§ **AIM OF THE EXERCISE**: For the records below, copy exactly the span that begins at the line containing "blonde hair with" and stops after the line containing "VICTORIA BECKHAM CAMICIA", minus any pictures.

§ **RECORDS PROVIDED**:
------------------------------------------------------------------------

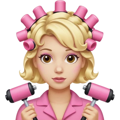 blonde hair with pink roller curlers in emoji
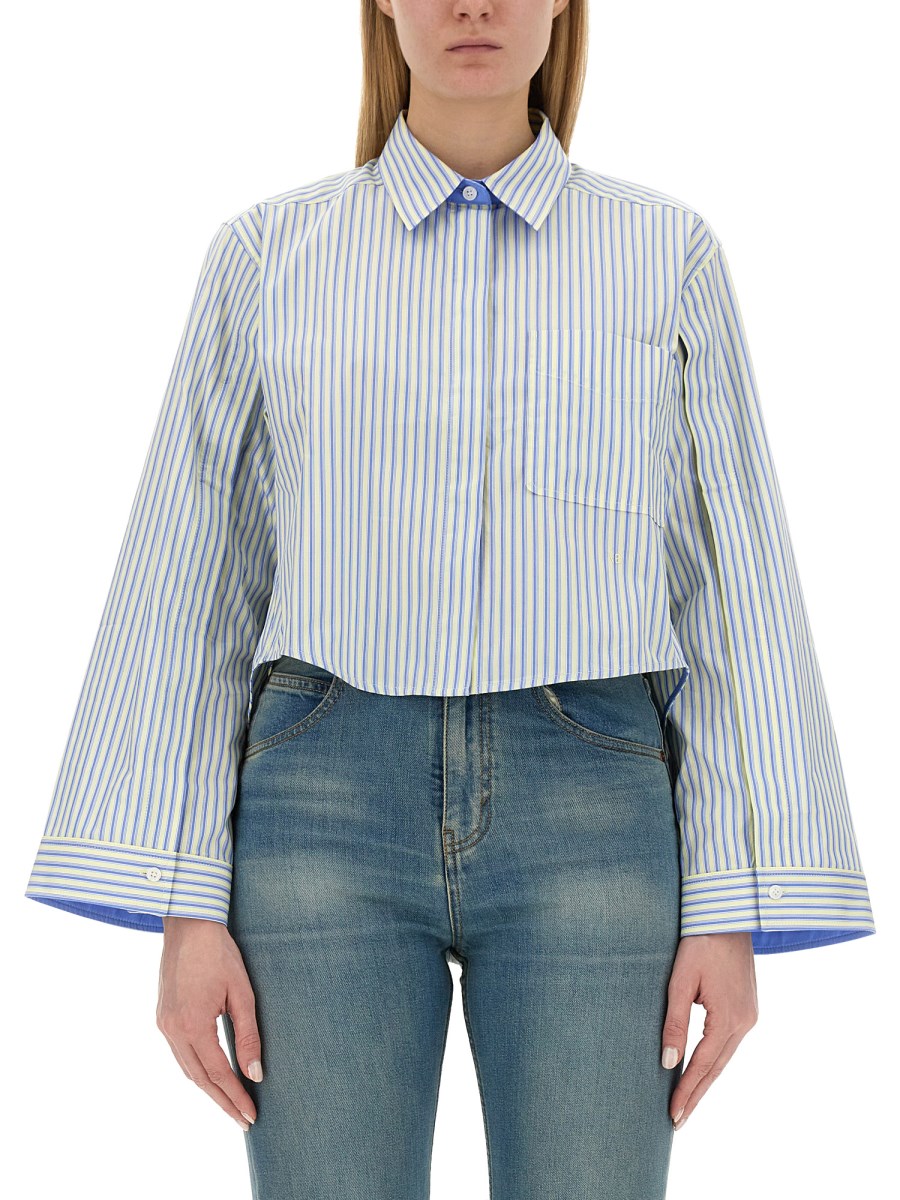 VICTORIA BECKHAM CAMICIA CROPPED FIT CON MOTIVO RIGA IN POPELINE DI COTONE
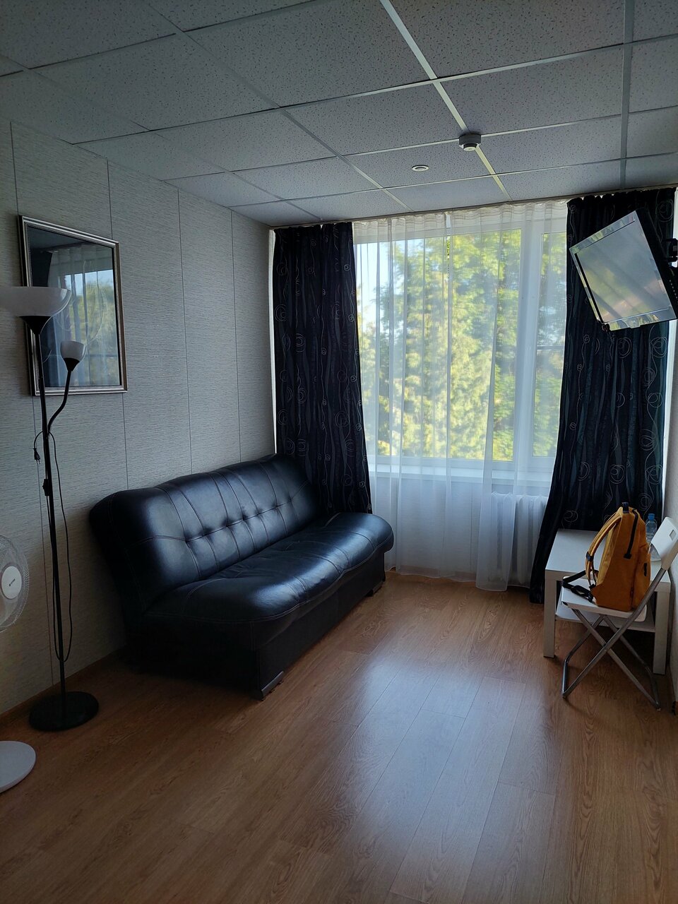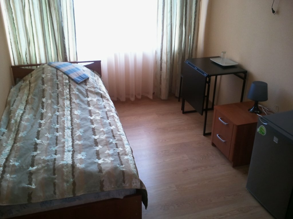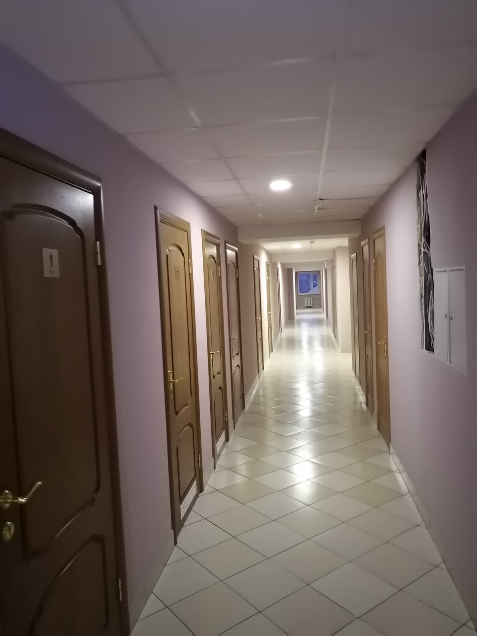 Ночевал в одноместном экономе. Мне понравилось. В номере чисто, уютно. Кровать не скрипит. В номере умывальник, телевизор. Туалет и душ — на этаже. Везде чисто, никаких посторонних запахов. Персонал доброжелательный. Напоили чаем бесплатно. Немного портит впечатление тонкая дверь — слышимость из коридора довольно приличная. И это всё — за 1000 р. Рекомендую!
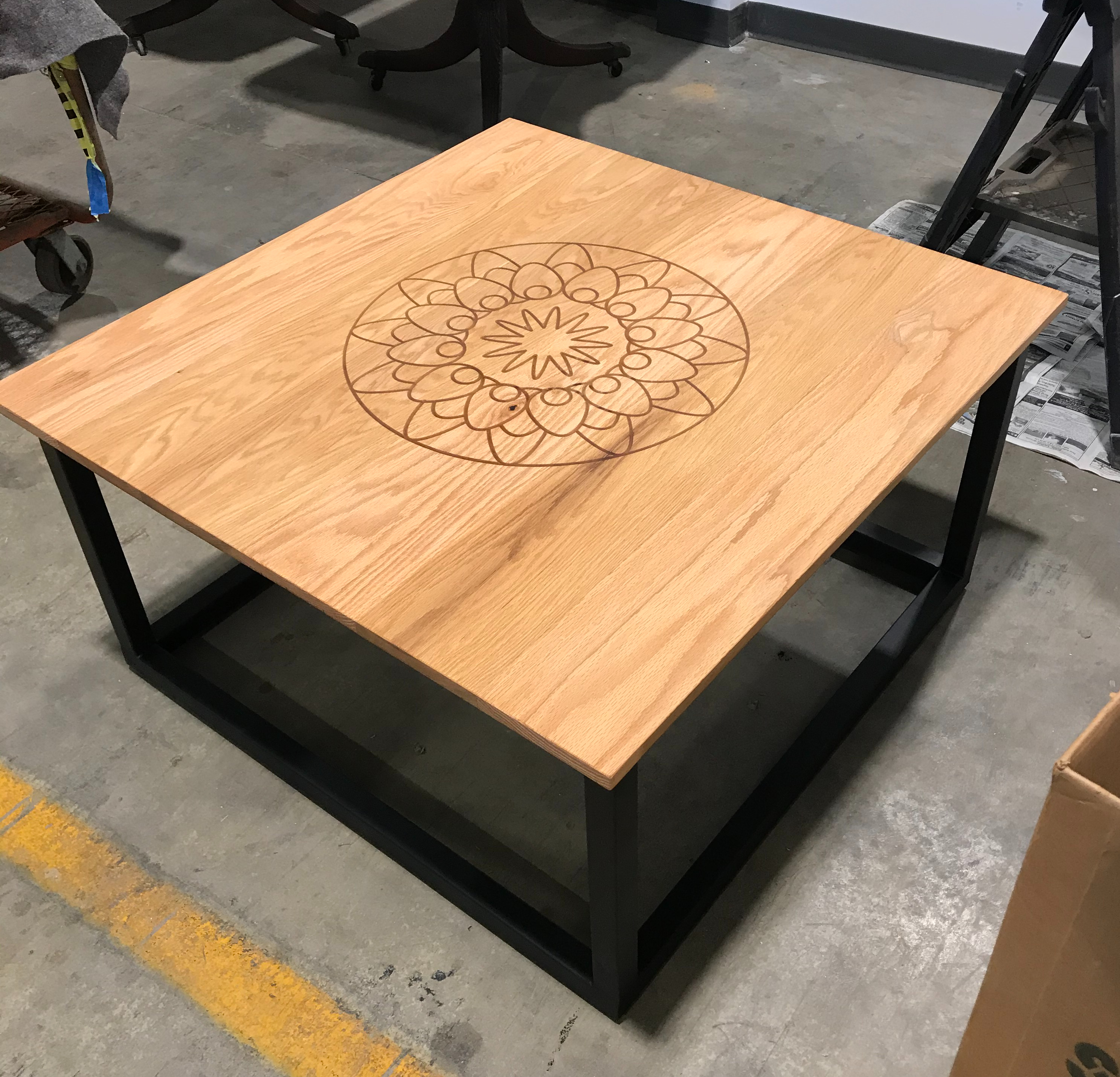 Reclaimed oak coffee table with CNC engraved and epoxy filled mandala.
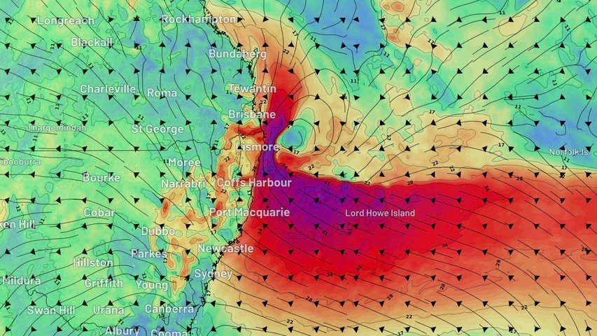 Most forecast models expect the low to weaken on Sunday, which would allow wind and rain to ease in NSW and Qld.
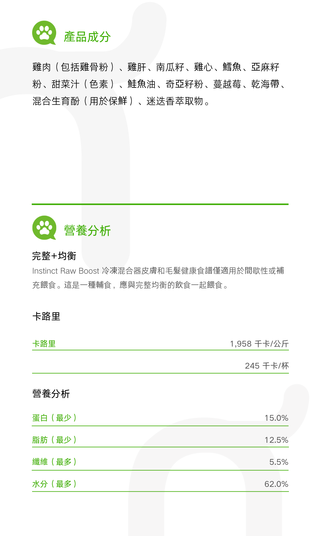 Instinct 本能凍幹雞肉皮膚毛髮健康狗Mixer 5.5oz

------------------------------------------------------------------------

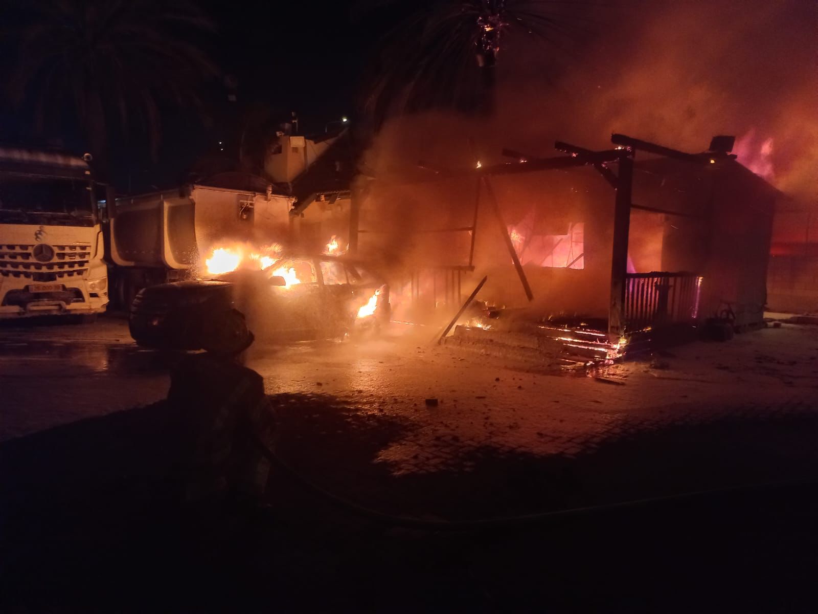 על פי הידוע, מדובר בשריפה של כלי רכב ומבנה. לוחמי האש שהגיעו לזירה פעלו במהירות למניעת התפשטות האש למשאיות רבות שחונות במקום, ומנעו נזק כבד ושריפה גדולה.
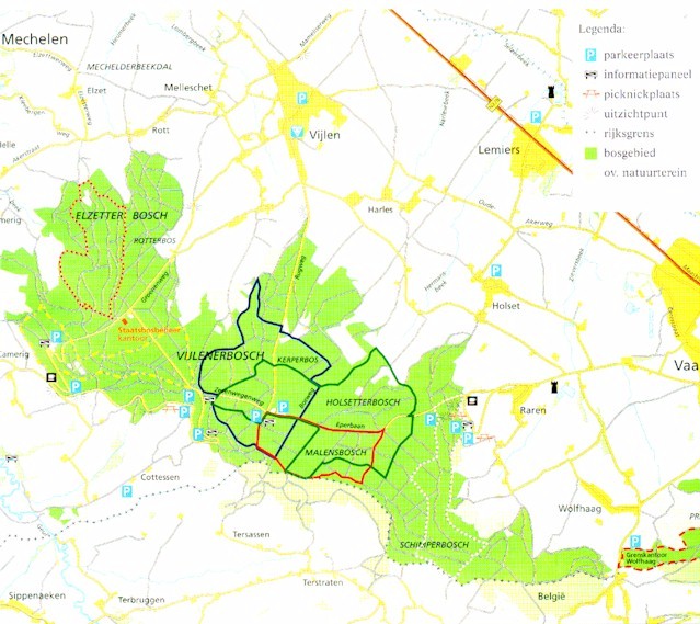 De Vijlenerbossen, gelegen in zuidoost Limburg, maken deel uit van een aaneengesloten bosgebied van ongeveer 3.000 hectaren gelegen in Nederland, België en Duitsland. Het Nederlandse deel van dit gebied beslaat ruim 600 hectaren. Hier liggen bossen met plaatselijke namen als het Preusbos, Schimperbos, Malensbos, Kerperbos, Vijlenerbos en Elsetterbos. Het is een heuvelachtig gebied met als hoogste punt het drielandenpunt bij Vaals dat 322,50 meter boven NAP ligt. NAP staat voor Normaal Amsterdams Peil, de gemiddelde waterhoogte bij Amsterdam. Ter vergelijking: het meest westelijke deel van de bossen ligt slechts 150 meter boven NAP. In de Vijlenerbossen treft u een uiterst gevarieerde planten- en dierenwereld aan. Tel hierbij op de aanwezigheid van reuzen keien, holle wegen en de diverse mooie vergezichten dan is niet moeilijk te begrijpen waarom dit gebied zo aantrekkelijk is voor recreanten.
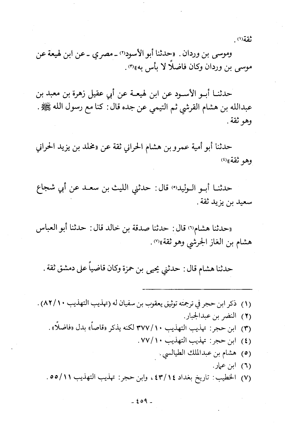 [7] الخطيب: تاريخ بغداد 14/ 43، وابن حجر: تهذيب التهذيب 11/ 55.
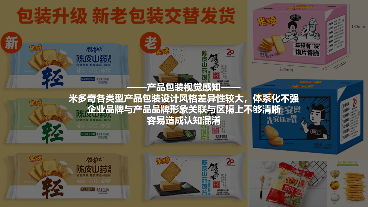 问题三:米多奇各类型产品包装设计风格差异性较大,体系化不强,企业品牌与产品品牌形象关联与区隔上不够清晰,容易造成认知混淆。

------------------------------------------------------------------------

§ **EXERCISE RESPONSE**:
 blonde hair with pink roller curlers in emoji
 VICTORIA BECKHAM CAMICIA CROPPED FIT CON MOTIVO RIGA IN POPELINE DI COTONE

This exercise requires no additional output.